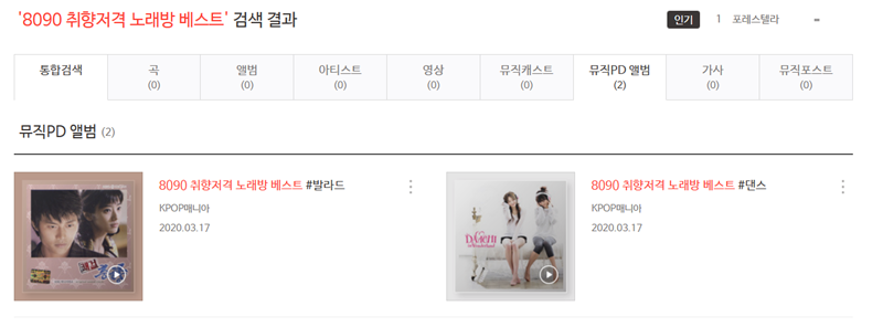 2. 검색 결과 화면에서는 발라드와 댄스, 두 가지 주제로 나뉜 뮤직PD 앨범을 발견할 수 있습니다. 그날의 기분과 분위기에 맞춰 듣고 싶은 목록을 자유롭게 골라보세요.
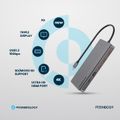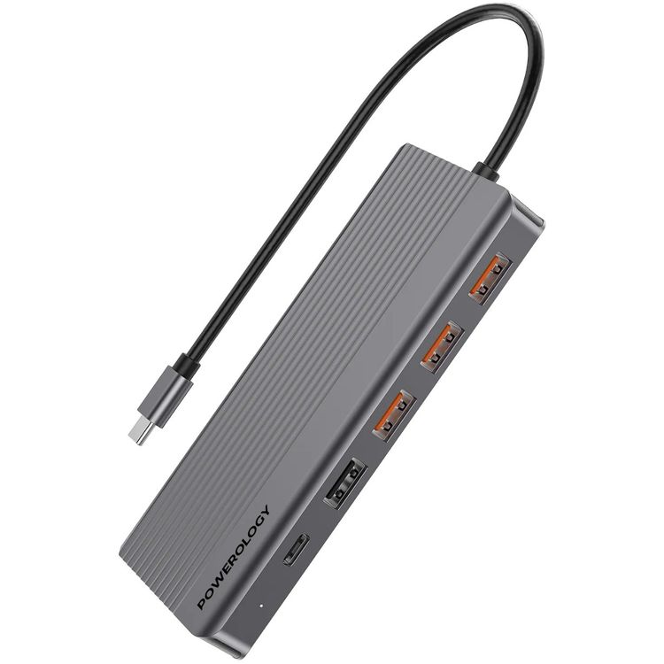 Powerology 13-in-1 USB-C Hub, 4K, HDMI, Type-C, 100W PD, Ethernet, USB SD MicroSD, 3.5 AUX - Gray
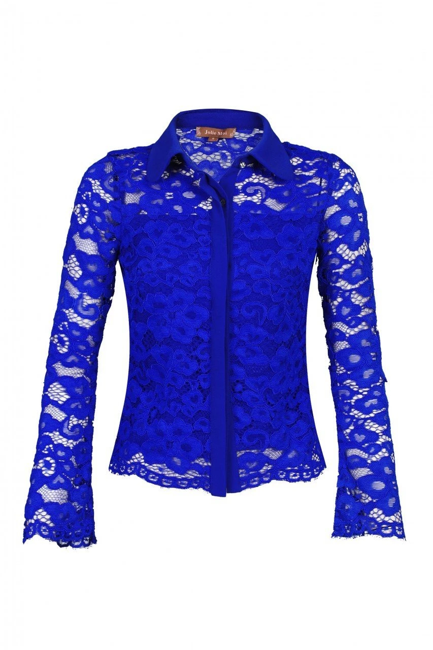 Opt for the delicate texture of lace with this pretty blouse from Jolie Moi. Crafted from a non-stretch corded floral lace, with a cami-style lining for optimum comfort. This shirt style features three-quarter length sleeves, concealed button fastening through the front and a Peter Pan collar with a statement glass button.
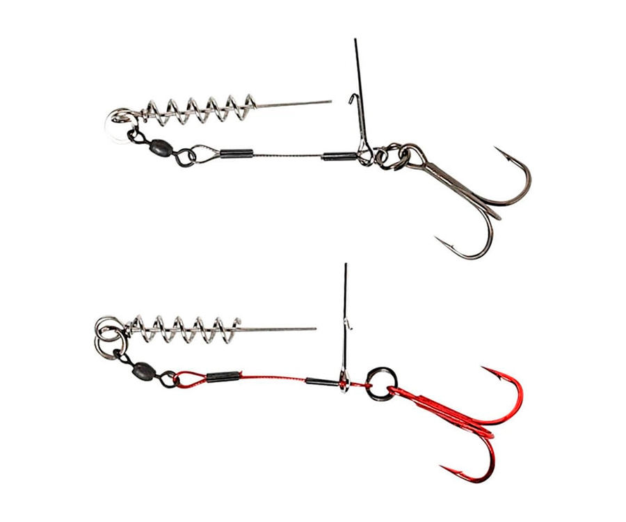 Эта оснастка Savage Gear Carbon49 Corkscrew Stinger имеет специальный штопор для надёжного крепления носовой части приманки и один тройной крючок. В упаковке 2 оснастки: одна с темным крючком, другая – с красным.
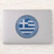 Greece flag with Greek key pattern distressed round design sticker. Add a touch of Greece to your home or office with this beautiful sticker design of the Greek flag.
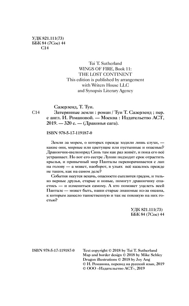 💳 Оплатить за товар можно при получении 🇰🇿 Есть бесплатная доставка по Казахстану от 1 дня 🎁 Копите бонусы с каждой покупки Серия: Драконья сага Земли за морем, о которых прежде ходили лишь слухи — какие они, мирные или цветущие или пустынные и опасные? Дракончик-шелкопряд Синь там как раз живёт, и пока его всё устраивает. Но вот его сестре, Лунии, подходит срок отрастить крылья, и привычный мир Панталы переворачивается с лап на голову — а может, наоборот, в ульях всё казалось прежде не таким, как на самом деле? События несутся вскачь, опасности сыплются градом, и только верные друзья, старые и новые, помогут дракончику спастись — и измениться самому. А кто поможет уцелеть всей Пантале — может быть, наши старые знакомые из-за океана, к которым занесло таинственную и так не похожую на них гостью? |
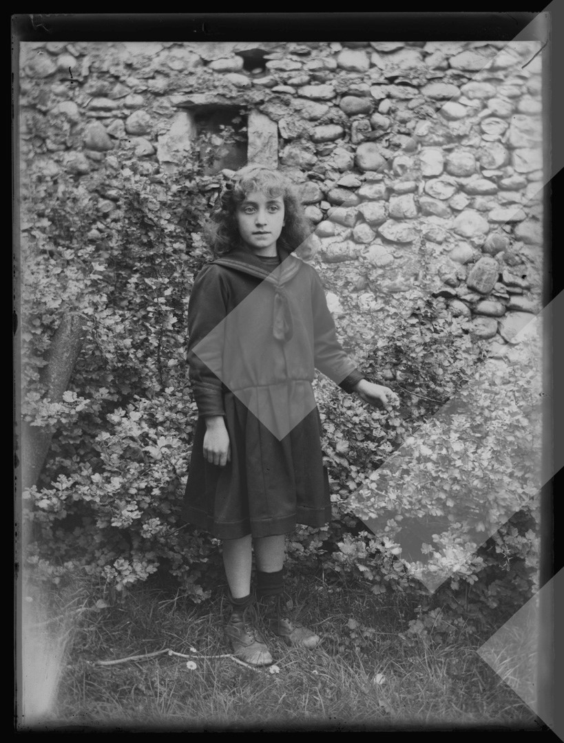 I panjohur rreth 1930-1935 Vajzë në oborrin e shtëpisë, Shkodër pllakë xhami, 9 x 12 cm.
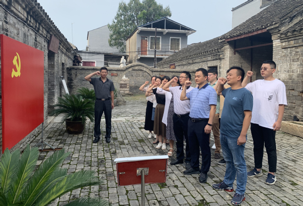参观结束后,在新四军淮上办事处旧址院内,机关党委第十四党支部书记李景宝带领全体党员一起重温入党誓词,表达了坚定不移听党话、跟党走的政治信念。
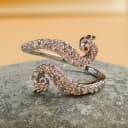 The Serpent's Embrace Silver Ring by Nimoraa captures the allure of serpentine beauty with its unique design that gracefully wraps around the finger. Adorned with exquisite fine-cut stones, its elegant curves create a mesmerizing sparkle at every twist and turn. Crafted with premium silver plating, this ring offers a modern aesthetic that is both stunning and versatile. With intricate details depicting serpent heads, it tells a story of elegance and artistry, making it a perfect addition to any jewelry collection—whether for everyday wear or special occasions.

Exercise goal
Go through the records above and write out every line exactly, passing over the pictures.

Task solution
 2. 검색 결과 화면에서는 발라드와 댄스, 두 가지 주제로 나뉜 뮤직PD 앨범을 발견할 수 있습니다. 그날의 기분과 분위기에 맞춰 듣고 싶은 목록을 자유롭게 골라보세요.
 Powerology 13-in-1 USB-C Hub, 4K, HDMI, Type-C, 100W PD, Ethernet, USB SD MicroSD, 3.5 AUX - Gray
 Opt for the delicate texture of lace with this pretty blouse from Jolie Moi. Crafted from a non-stretch corded floral lace, with a cami-style lining for optimum comfort. This shirt style features three-quarter length sleeves, concealed button fastening through the front and a Peter Pan collar with a statement glass button.
 Эта оснастка Savage Gear Carbon49 Corkscrew Stinger имеет специальный штопор для надёжного крепления носовой части приманки и один тройной крючок. В упаковке 2 оснастки: одна с темным крючком, другая – с красным.
 Greece flag with Greek key pattern distressed round design sticker. Add a touch of Greece to your home or office with this beautiful sticker design of the Greek flag.
 💳 Оплатить за товар можно при получении 🇰🇿 Есть бесплатная доставка по Казахстану от 1 дня 🎁 Копите бонусы с каждой покупки Серия: Драконья сага Земли за морем, о которых прежде ходили лишь слухи — какие они, мирные или цветущие или пустынные и опасные? Дракончик-шелкопряд Синь там как раз живёт, и пока его всё устраивает. Но вот его сестре, Лунии, подходит срок отрастить крылья, и привычный мир Панталы переворачивается с лап на голову — а может, наоборот, в ульях всё казалось прежде не таким, как на самом деле? События несутся вскачь, опасности сыплются градом, и только верные друзья, старые и новые, помогут дракончику спастись — и измениться самому. А кто поможет уцелеть всей Пантале — может быть, наши старые знакомые из-за океана, к которым занесло таинственную и так не похожую на них гостью? |
 I panjohur rreth 1930-1935 Vajzë në oborrin e shtëpisë, Shkodër pllakë xhami, 9 x 12 cm.
参观结束后,在新四军淮上办事处旧址院内,机关党委第十四党支部书记李景宝带领全体党员一起重温入党誓词,表达了坚定不移听党话、跟党走的政治信念。
 The Serpent's Embrace Silver Ring by Nimoraa captures the allure of serpentine beauty with its unique design that gracefully wraps around the finger. Adorned with exquisite fine-cut stones, its elegant curves create a mesmerizing sparkle at every twist and turn. Crafted with premium silver plating, this ring offers a modern aesthetic that is both stunning and versatile. With intricate details depicting serpent heads, it tells a story of elegance and artistry, making it a perfect addition to any jewelry collection—whether for everyday wear or special occasions.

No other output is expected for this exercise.